# Material shown:
**********

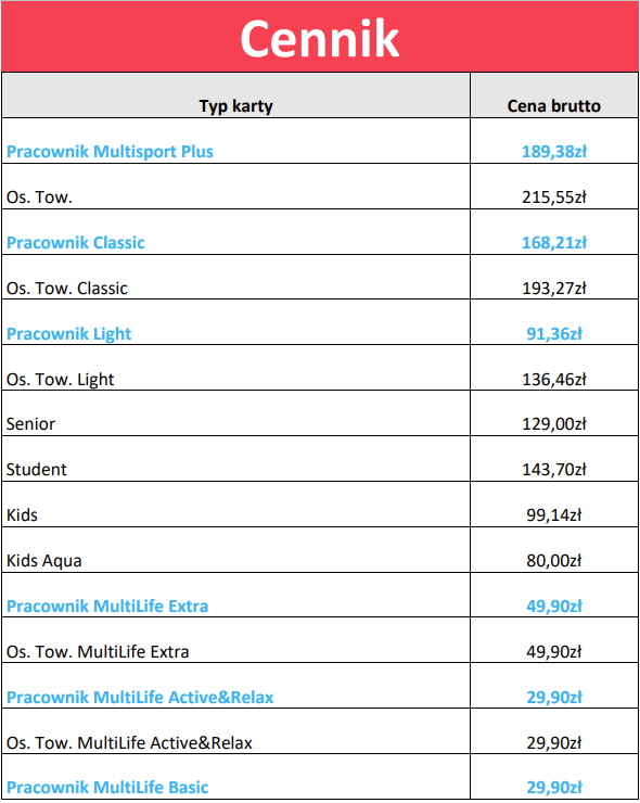 - Multisport Plus (189,38 zł)
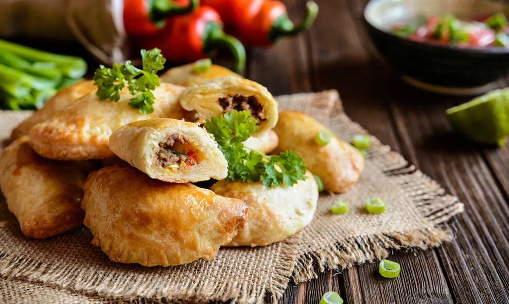 Izdolbemo 25 krogov s premerom 10 cm. Robove namažemo z beljakom. Na vsak krog naložimo žlico nadeva, kroge prepognemo in dobro zatisnemo robove., pomagamo si z vilicami.
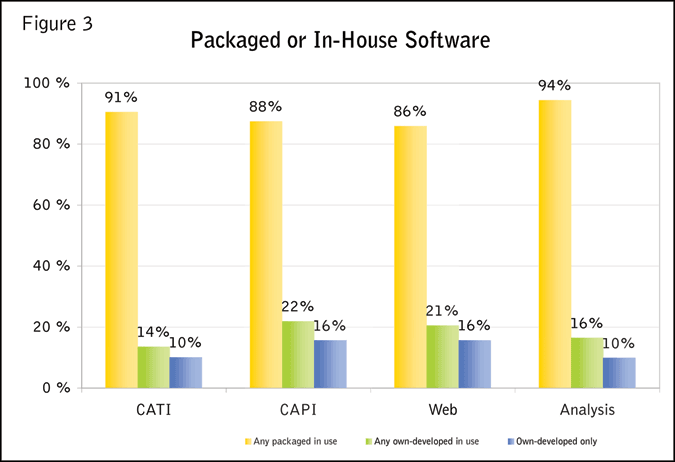 Figure 3 should have developers of market research software scratching their heads in bemusement. Although most market research firms use only packaged software bought from a supplier, one in five of the developers’ potential customers are using software they have written themselves for online or CAPI work. For CATI, one in every 10 system out there has been knitted at home.
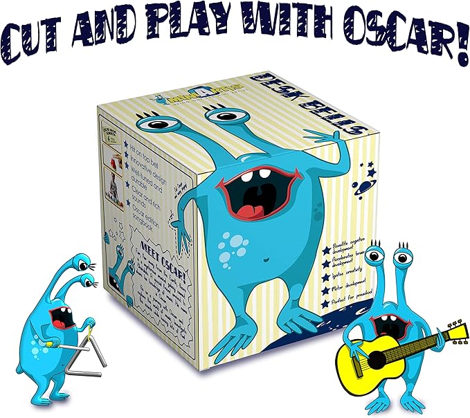 • DESIGNED FOR KIDS: Meet Oscar, our cheerful character from the galaxy of rhythms & melodies! Oscar is passionate about kids' musical instruments and delights in teaching children how to play the toddler music bells. With our musical songbook and deskbells, learning becomes a fun-filled experience, full of laughter and creativity. Perfect hand bells for kids, parents, beginners, preschoolers, therapy, daycare centers, kindergarten, teachers, and classrooms.
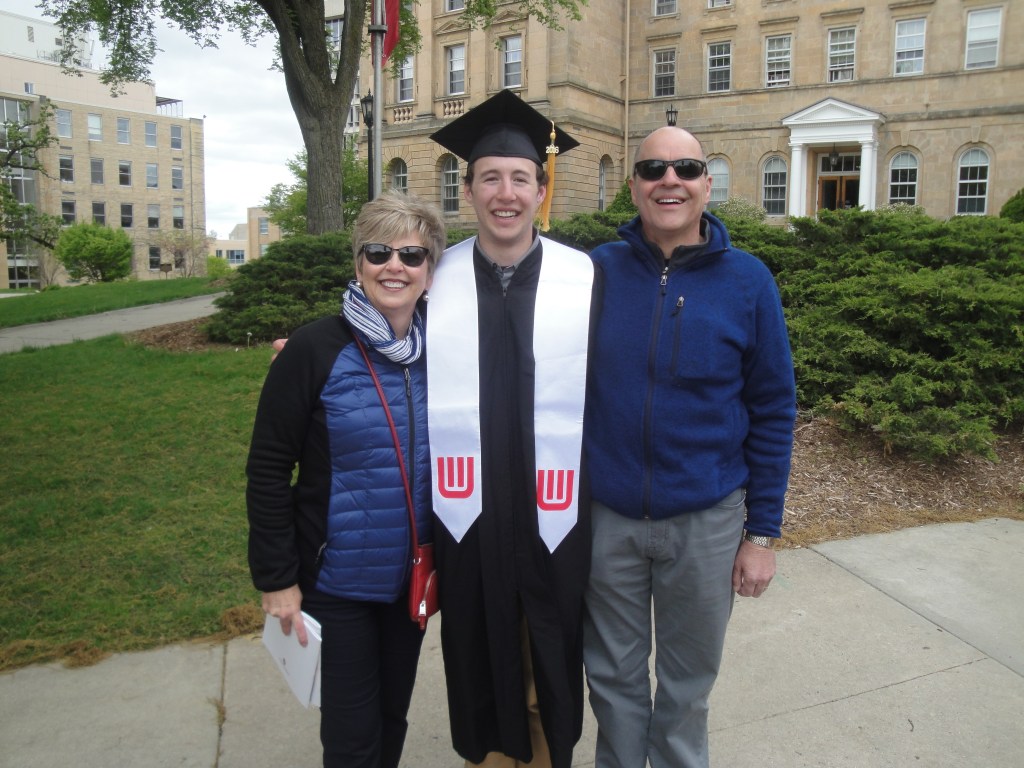 Body: I look GREAT, but my parents are photobombing this picture…Please edit my parents and put in a Badger Red background so I can use this as my professional headshot!
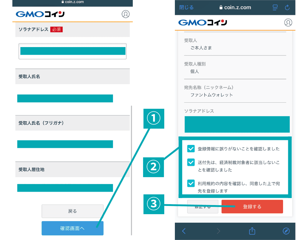ソラナアドレスと他項目の入力が終わったら「確認画面へ」を選択して次の画面へ移ります。
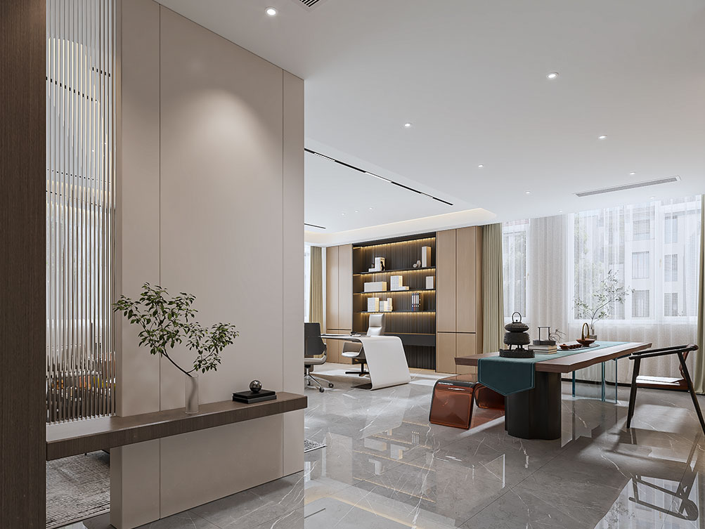 博思達辦公區裝修效果以 “高效協作 + 現代簡約” 為核心,主色調選用淺灰、原木色與白色,營造清爽通透且兼具活力的辦公氛圍。空間布局上,采用開放工位與獨立會議室結合的設計,開放區用低矮隔斷劃分區域,方便員工即時溝通,每張工位配備多功能收納柜與可調節臺燈;獨立會議室按需求分小型洽談室與大型會議空間,均配備高清投影、白板與隔音棉,滿足不同協作場景;同時融入實用細節,茶水間設長條操作臺與儲物柜,墻面點綴簡約裝飾畫與綠植,休閑角擺放舒適沙發與小茶幾,供員工短暫放松;整體空間無冗余設計,既保證辦公效率,又通過原木元素與軟裝搭配傳遞溫馨感,契合現代辦公對功能性與舒適度的雙重需求。
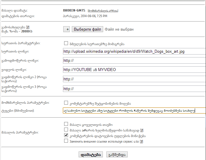 - ქურდობა – აკრძალულია სხვა საიტიდან სიახლის მოპარვა
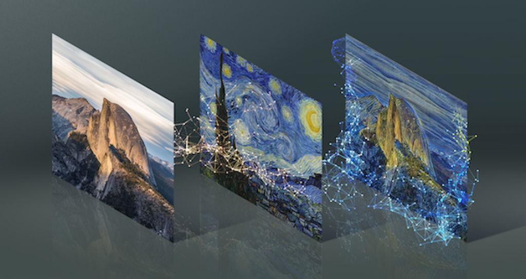 The Artistic Style Transfer demo takes the aesthetic of one image and applies it to another, with realistic results. For example, a user can upload a photo of their friends and convert it to look like it was painted in the style of van Gogh style. This research was introduced in August at SIGGRAPH, in Vancouver.
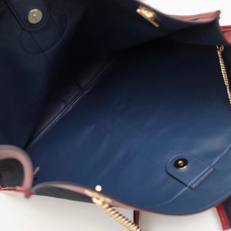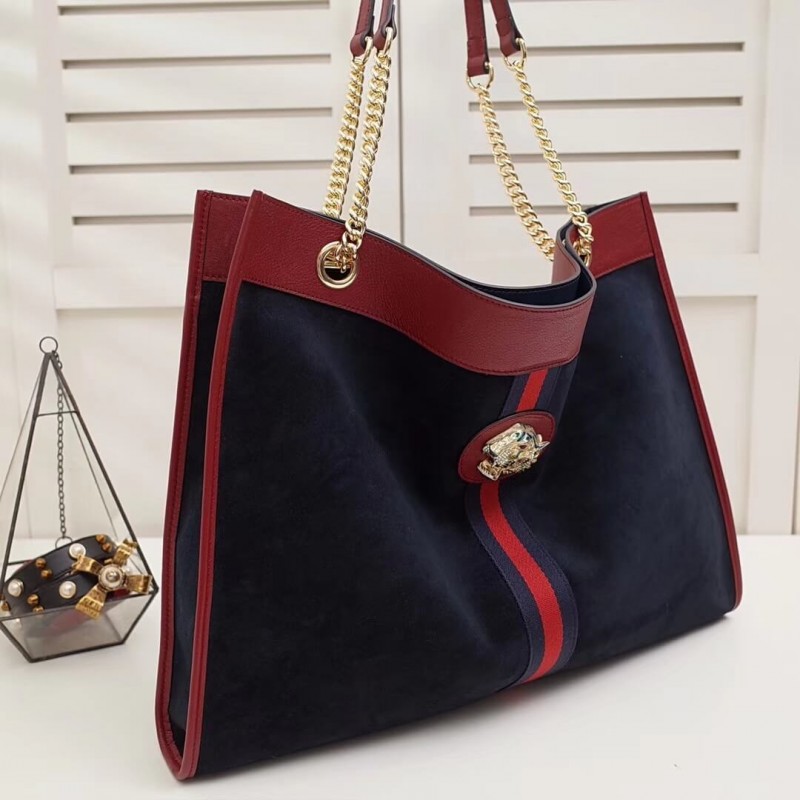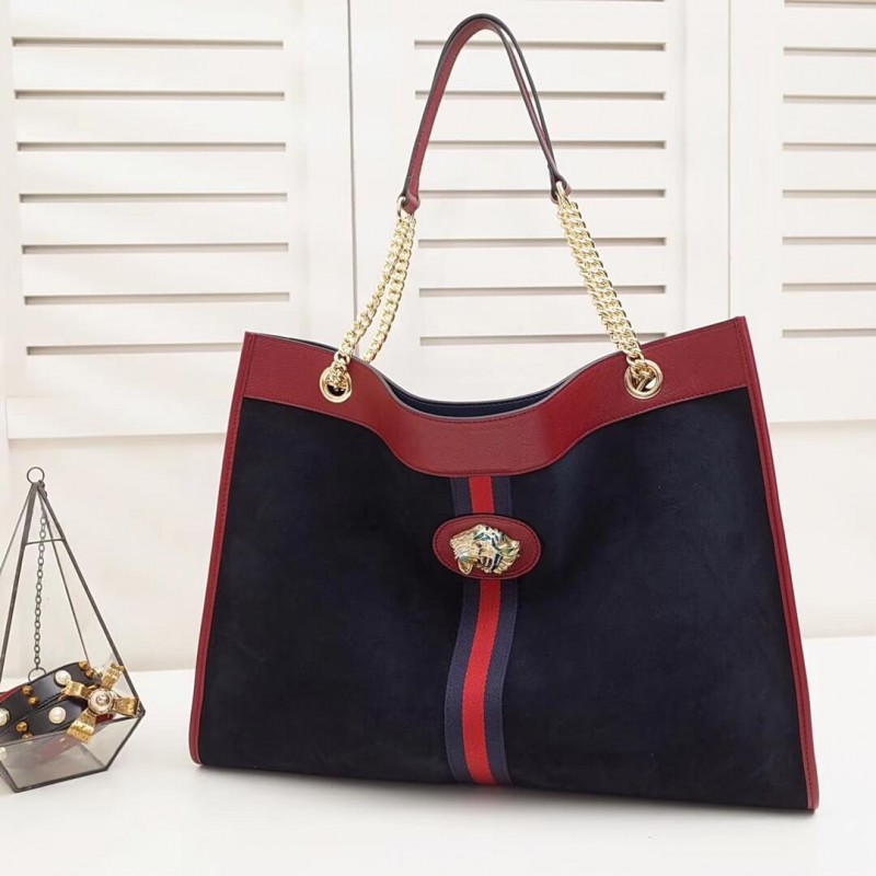 Um motivo recorrente desta temporada, a cabeça do tigre terminou com esmalte colorido e cristais espumantes é inspirada em uma peça vintage da lendária arquivos dos anos 40 de designer de moda e jóias Hattie Carnegie. Para o inverno de outono de 2018, os detalhes chegaram a definir uma nova linha de bolsas de inspiração retrô, incluindo esta bolsa de camurça marrom, aparada em couro de patente preta e aprimorado pela embutida verde e vermelha na frente.
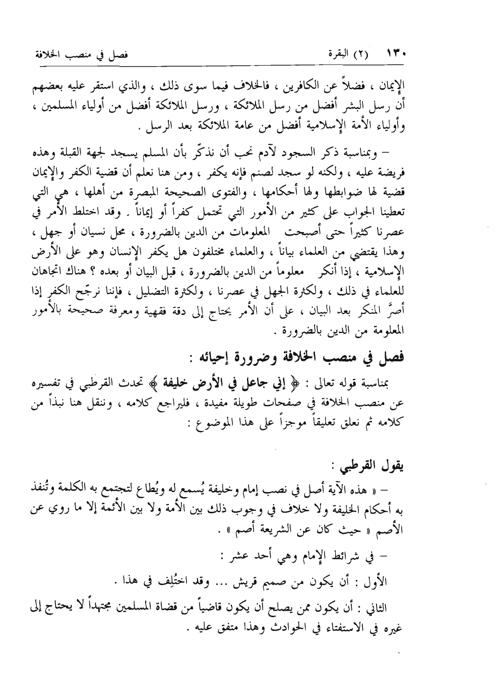 بمناسبة قوله تعالى: إِنِّي جاعِلٌ فِي الْأَرْضِ خَلِيفَةً تحدث القرطبي في تفسيره عن منصب الخلافة في صفحات طويلة مفيدة، فليراجع كلامه، وننقل هنا نبذا من كلامه ثم نعلق تعليقا موجزا على هذا الموضوع:
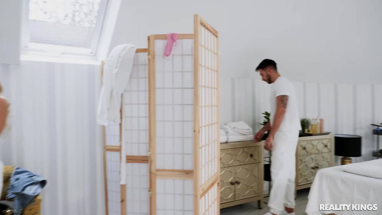 Maya Rose se déshabille pour le masseur Francis X et se fait masser les seins et la chatte avec de l'huile. Elle suce sa bite et se fait doigter la chatte.

**********

# Action item:
Could you reproduce all of the material exactly? Keep the pictures out of it.

# Finished exercise:
 - Multisport Plus (189,38 zł)
 Izdolbemo 25 krogov s premerom 10 cm. Robove namažemo z beljakom. Na vsak krog naložimo žlico nadeva, kroge prepognemo in dobro zatisnemo robove., pomagamo si z vilicami.
 Figure 3 should have developers of market research software scratching their heads in bemusement. Although most market research firms use only packaged software bought from a supplier, one in five of the developers’ potential customers are using software they have written themselves for online or CAPI work. For CATI, one in every 10 system out there has been knitted at home.
 • DESIGNED FOR KIDS: Meet Oscar, our cheerful character from the galaxy of rhythms & melodies! Oscar is passionate about kids' musical instruments and delights in teaching children how to play the toddler music bells. With our musical songbook and deskbells, learning becomes a fun-filled experience, full of laughter and creativity. Perfect hand bells for kids, parents, beginners, preschoolers, therapy, daycare centers, kindergarten, teachers, and classrooms.
 Body: I look GREAT, but my parents are photobombing this picture…Please edit my parents and put in a Badger Red background so I can use this as my professional headshot!
ソラナアドレスと他項目の入力が終わったら「確認画面へ」を選択して次の画面へ移ります。
 博思達辦公區裝修效果以 “高效協作 + 現代簡約” 為核心,主色調選用淺灰、原木色與白色,營造清爽通透且兼具活力的辦公氛圍。空間布局上,采用開放工位與獨立會議室結合的設計,開放區用低矮隔斷劃分區域,方便員工即時溝通,每張工位配備多功能收納柜與可調節臺燈;獨立會議室按需求分小型洽談室與大型會議空間,均配備高清投影、白板與隔音棉,滿足不同協作場景;同時融入實用細節,茶水間設長條操作臺與儲物柜,墻面點綴簡約裝飾畫與綠植,休閑角擺放舒適沙發與小茶幾,供員工短暫放松;整體空間無冗余設計,既保證辦公效率,又通過原木元素與軟裝搭配傳遞溫馨感,契合現代辦公對功能性與舒適度的雙重需求。
 - ქურდობა – აკრძალულია სხვა საიტიდან სიახლის მოპარვა
 The Artistic Style Transfer demo takes the aesthetic of one image and applies it to another, with realistic results. For example, a user can upload a photo of their friends and convert it to look like it was painted in the style of van Gogh style. This research was introduced in August at SIGGRAPH, in Vancouver.
 Um motivo recorrente desta temporada, a cabeça do tigre terminou com esmalte colorido e cristais espumantes é inspirada em uma peça vintage da lendária arquivos dos anos 40 de designer de moda e jóias Hattie Carnegie. Para o inverno de outono de 2018, os detalhes chegaram a definir uma nova linha de bolsas de inspiração retrô, incluindo esta bolsa de camurça marrom, aparada em couro de patente preta e aprimorado pela embutida verde e vermelha na frente.
 بمناسبة قوله تعالى: إِنِّي جاعِلٌ فِي الْأَرْضِ خَلِيفَةً تحدث القرطبي في تفسيره عن منصب الخلافة في صفحات طويلة مفيدة، فليراجع كلامه، وننقل هنا نبذا من كلامه ثم نعلق تعليقا موجزا على هذا الموضوع:
 Maya Rose se déshabille pour le masseur Francis X et se fait masser les seins et la chatte avec de l'huile. Elle suce sa bite et se fait doigter la chatte.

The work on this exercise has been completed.